Both ancestral and acquired genes on the mouse X chromosome have enhanced PolII-S5p, H4K16ac, H2AZ, and MOF

We sorted our data to examine ancestral and acquired X-linked genes separately as they may be differentially regulated. Ancestral mouse X-linked genes represent genes originally present on the autosomes from which the current mouse sex chromosomes derived; they can be identified by comparison to the chicken genome in which orthologs are located within two main blocks of conservation on autosomes 1 and 4 (Kohn et al., 2004). Acquired mouse X-linked genes are those added since the divergence of the mouse sex chromosomes from an ancestral pair of autosomes (Bellott et al., 2010). The acquired category includes many of the multi-copy X-linked genes that have testis-specific expression; these genes being silent in mouse ES cells were excluded from our metagene analyses. We also included a control subset of ancestral mouse autosomal genes (orthologs of chicken Z-linked genes).

Significantly higher PolII-S5p and MOF occupancy as well as H4K16ac and H2AZ enrichment were observed on both ancestral (240 genes) and acquired X-linked genes (147 genes) compared to ancestral autosomal genes (331 genes) (Figures S1O, S4F, S4G and S5D). This is concordant with X:A mean expression ratios of 1.57 and 1.94 for ancestral and acquired genes, respectively, in undifferentiated female ES cells PGK12.1. Acquired X-linked genes appeared to have the highest occupancy/enrichment in active marks, but the promoter-binding scores for each group were not significantly different from each other (Figures S1P, S4H–S4J and S5E). Higher PolII-S5p promoter occupancy in both groups of X-linked genes was confirmed in vivo based on allele-specific ChIP-seq analyses of mouse brain (Figure 2E). In contrast, no or only a slight enrichment was observed for H3K4me3 or H3ac in either group of X-linked genes compared to ancestral autosomal genes (data not shown). Similar results were obtained when all expressed autosomal genes were used for comparison, rather than the subset of orthologs of chicken Z-linked genes (data not shown).
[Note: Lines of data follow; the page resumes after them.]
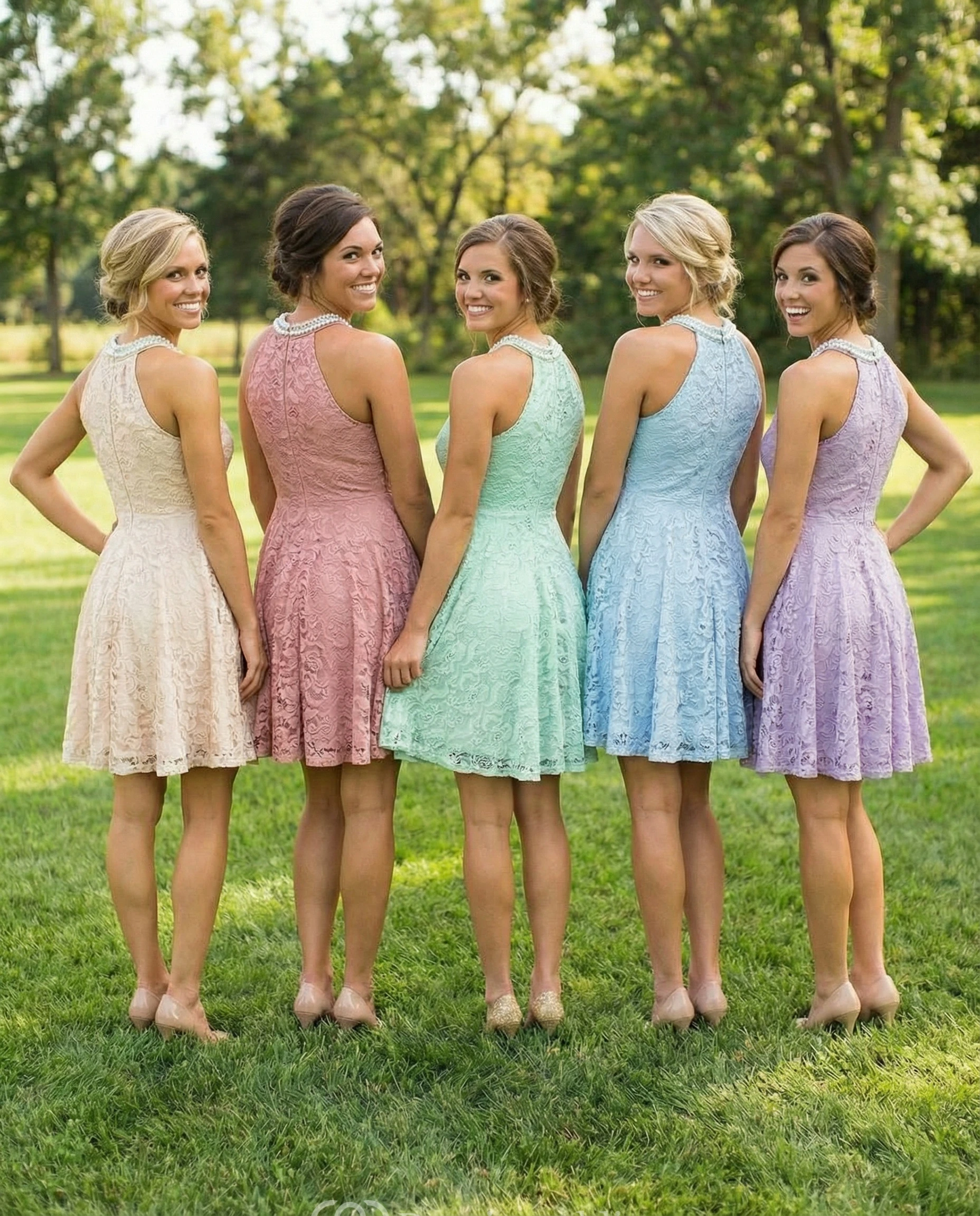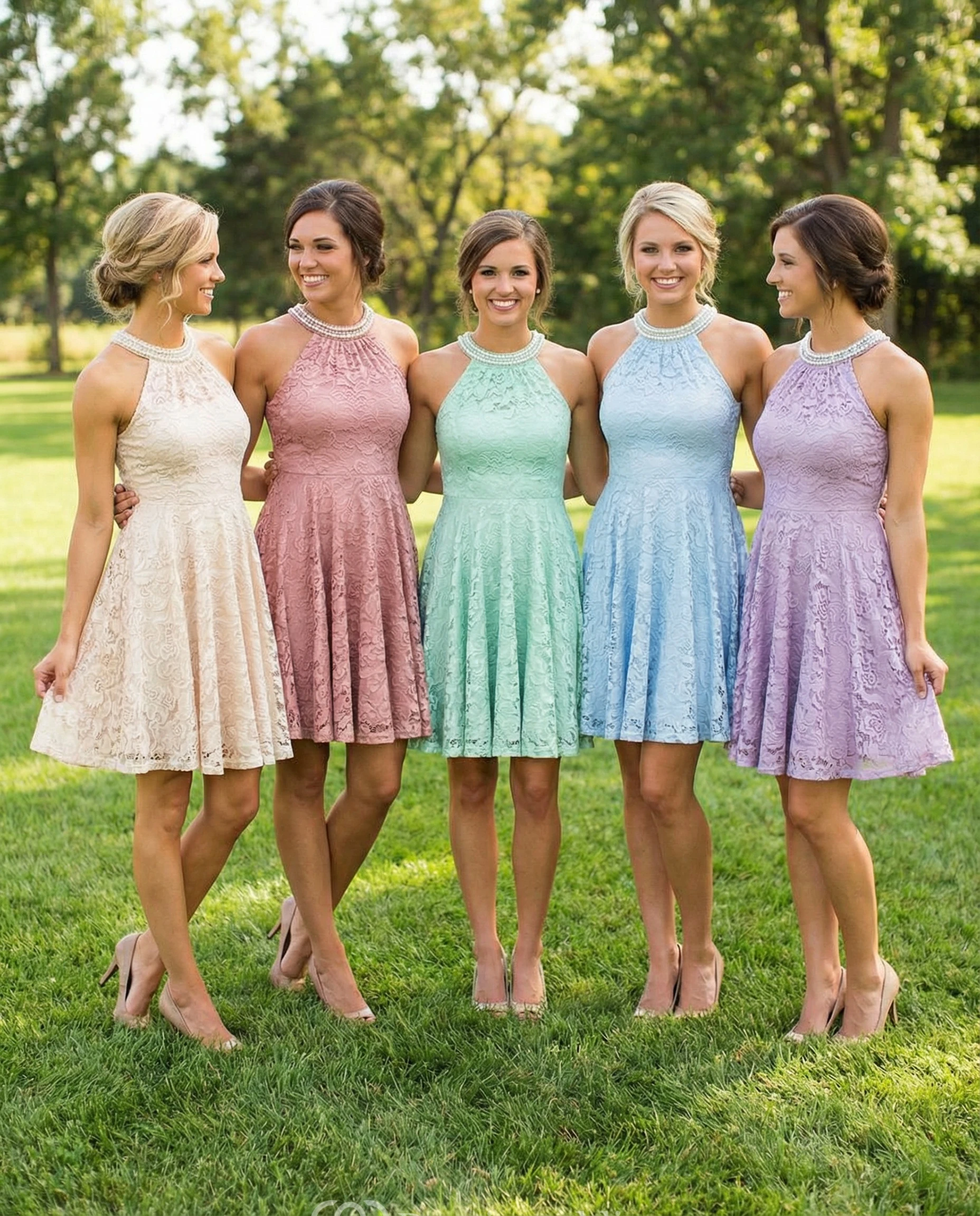Sleeveless Short Lace Empire Waist Bridesmaid Gown
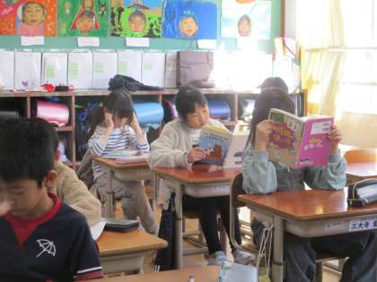 掃除時間が終わると昼読書です。掃除が終わった人から本を選んでいます。毎日5分ですが、少しの積み重ねが大きな成果につながります。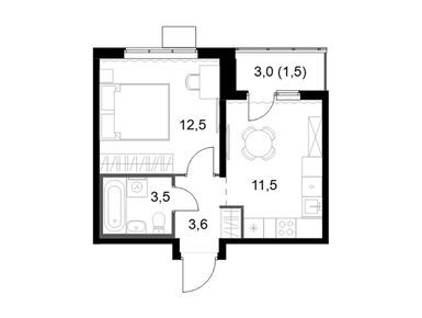 2-комн. квартира 44,00 м2 12 509 640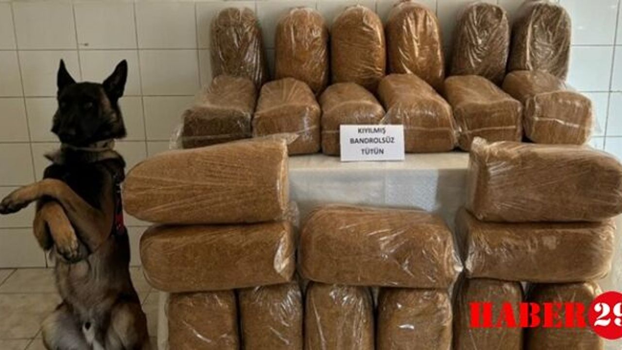 Kelkit ilçesi, Sadak-Demirözü yol ayrımında durdurulan şehirlerarası otobüsün bagajında yapılan aramada, çay ve tütün arama köpeğinin de yardımıyla piyasa değeri 124.000 TL olan bandrolsüz kıyılmış tütün ele geçirildi.
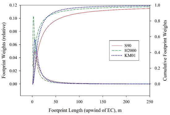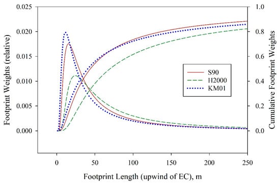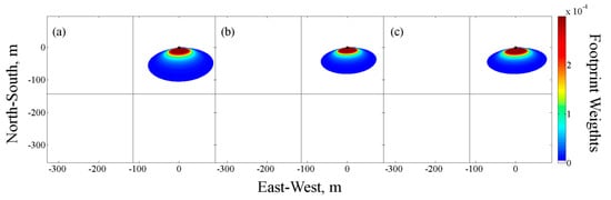 The difference in each footprint model under both stable and unstable atmospheric conditions is shown in Table 6. For the stable condition, the S90 performed better, with an MBE of −0.03 mm h−1 (−3.16%) and an RMSE of 0.12 mm h−1 (12.75%). However, Figure 6 and Figure 7 show that the S90 and KM01 models yielded similar shapes, whereas the H2000 model has a wider and longer overall footprint, with a smaller concentration near the tower. For the unstable condition, all three models performed similarly, and considerably better than the stable condition, with the RMSE ranging from 0.05 to 0.07 mm h−1 (7.20 to 9.13%), which is consistent with the shapes of the footprint illustrated in Figure 8 and Figure 9. However, it should be noted that all of the models did show strong influence close to the tower, especially for the unstable atmospheric condition. Because a more accurate estimate of the ET was obtained using the lysimeters in the east fields compared to the west fields in which the EC systems were used, the ETcomposite for the unstable condition should be more accurate as well.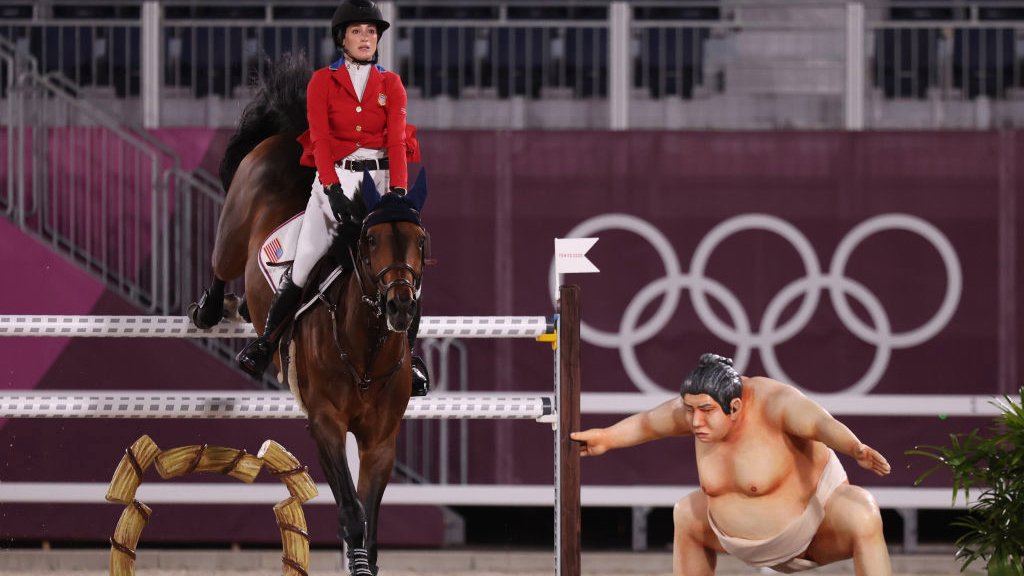 Los competidores de equitación giran alrededor de una pista de salto con una decoración claramente japonesa: los obstáculos estaban adornados con luchadores de sumo de tamaño natural, kimonos de geisha, flores de cerezo e incluso una recreación en miniatura de un palacio japonés. Pero a los jinetes de salto no les gustan las sorpresas. Tampoco a sus caballos, a los que evitar los sustos les toma años de entrenamiento.
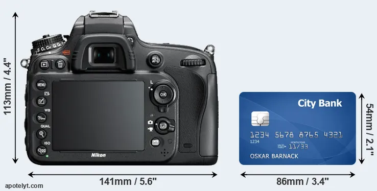 The physical dimensions of the Nikon D610 relative to a credit card are illustrated in the side-by-side display below. Three consecutive views from the front, the top, and the rear side are shown. All size dimensions are rounded to the nearest millimeter.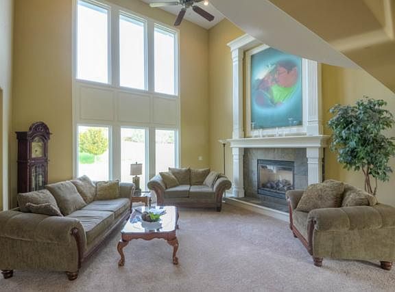 - Features: Carpet, Ceiling Fan(s), Fireplace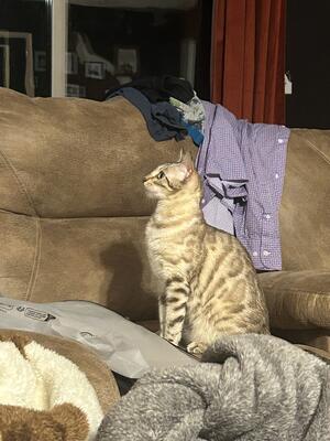 DOB: 03/11/25 1: male black with white face 1 female tiger striped with white toes Both raised in...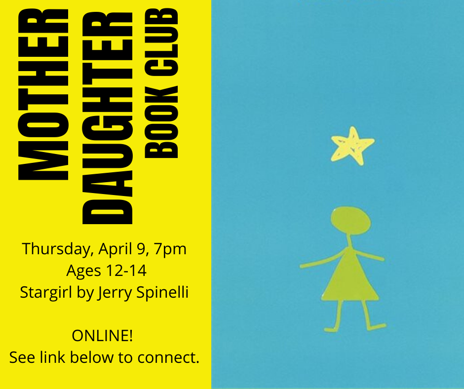 Mother Daughter Book Club Mother Daughter Book Club will be meeting online to discuss Jerry Spinelli's book STARGIRL. Feel free to join us if you have read the book, which is available as an e-book on Libby. If you haven't read it, you are still welcome to join us! Click here for how to connect.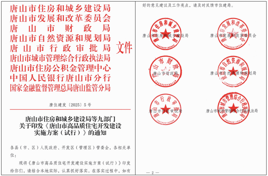 来源:《唐山市高品质住宅开发建设实施方案(试行)》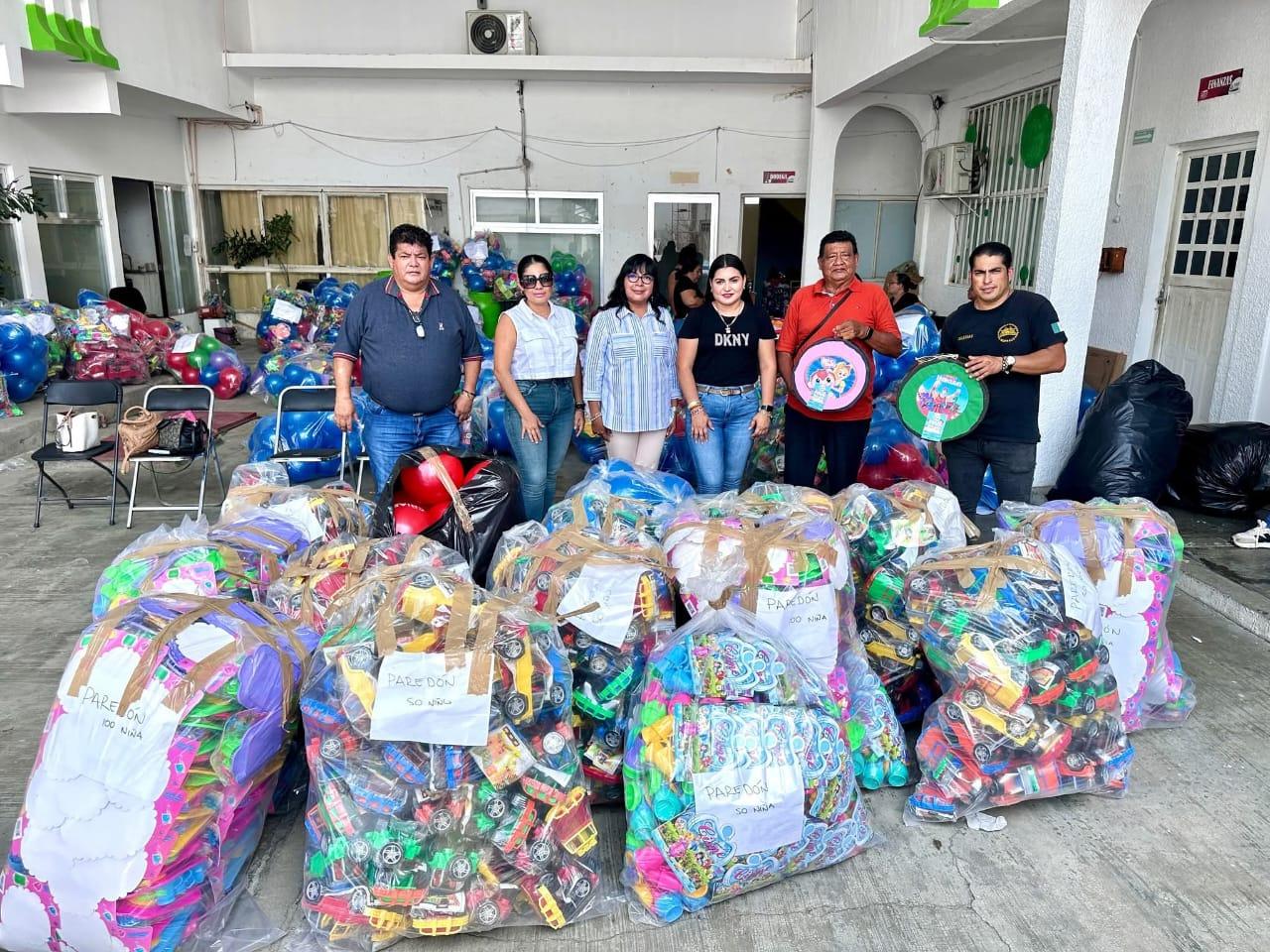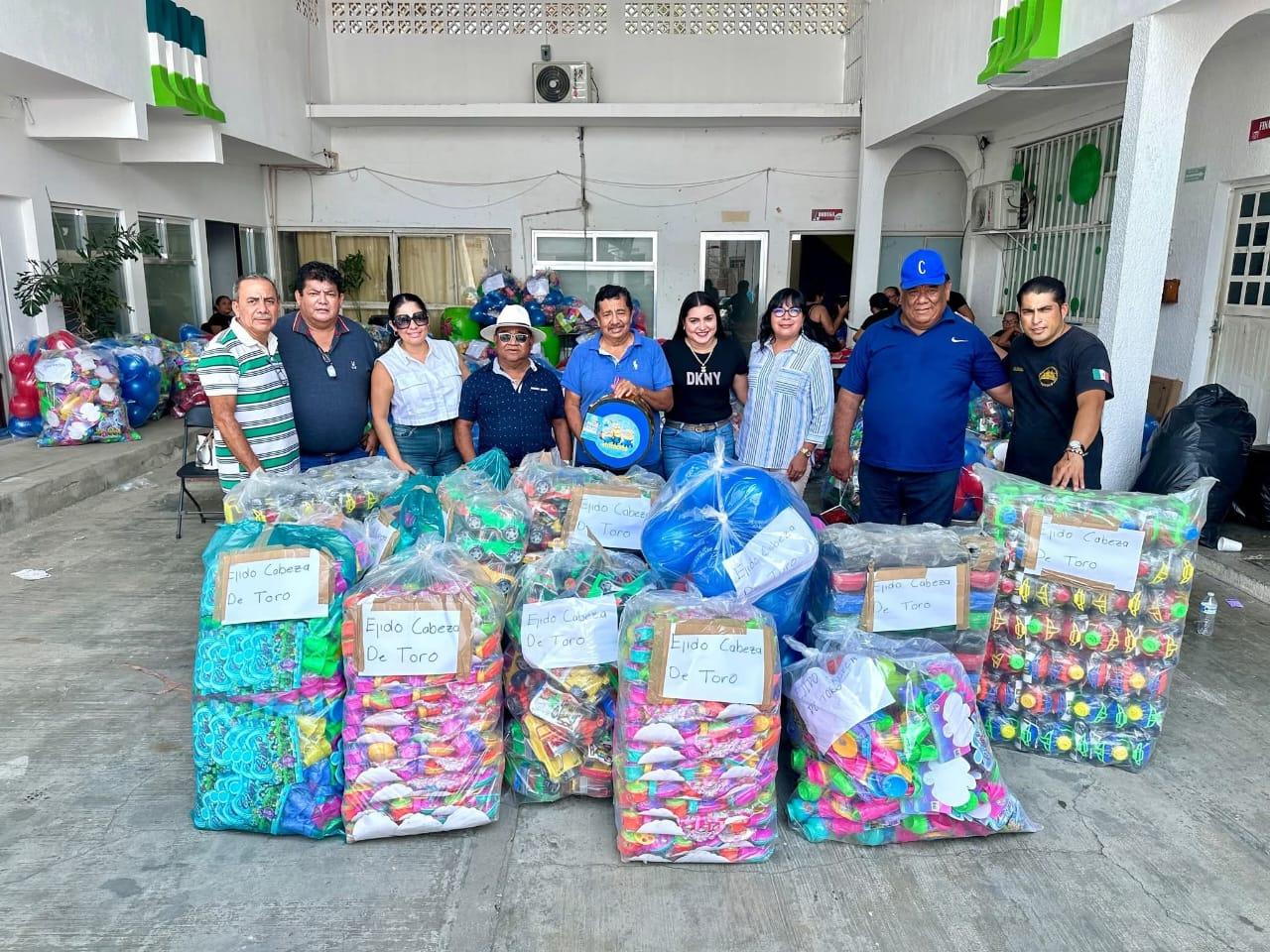 La presidenta del DIF, Beatriz Janisse Iglesias Valdiviezo, acompañada de la síndico Guisella Toro y Regidores Saramar Decuir, Alfredo de Aquino, Homero Corzo, Francisco Ruíz, Miguel Ángel López y Tonia Prado, hicieron entrega de juguetes a los agentes municipales, con el objetivo de llevar alegría a las niñas y niños de las diferentes comunidades, en el marco del Día del Niño.

We conclude that, regardless of their evolutionary origin, expressed mouse X-linked genes display enhanced levels of PolII-S5p, MOF, H4K16ac, and H2AZ associated with X upregulaton.

MOF knockdown decreases H4K16ac and PolII-S5p occupancy and X-linked gene expression in ES cells

To address the functional role of MOF in X upregulation, mouse cells were transfected with a mixture of three small interfering RNA duplexes, each of which targets a different region of Mof mRNA. Quantitative RT-PCR (qRT-PCR) showed a 70–80% decrease in Mof mRNA, which led to a dramatic decrease in MOF protein detected by western blots and immunostaining (Figures 4F–H). As expected, the levels of H4K16ac were also greatly reduced (Figures 4G–H). While cells grew more slowly after MOF knockdown compared to control cultures as previously reported (Gupta et al., 2008; Thomas et al., 2008), no obvious cell death or abnormal cell morphology were observed (Figure 4H). Interestingly, MOF knockdown in undifferentiated female ES cells PGK12.1 caused a significant reduction not only in H4K16ac but also in PolII-S5p occupancy at the 5’ end of expressed genes, with a more severe effect on medium-expressed X-linked genes (Figures 4I–J, S6A–C). These findings support a role for MOF and H4K16ac in transcription initiation by mediating PolII-S5p recruitment. MOF knockdown did not affect H2AZac enrichment, corroborating the idea that H2AZ acts independent of H4K16ac and MOF (data not shown).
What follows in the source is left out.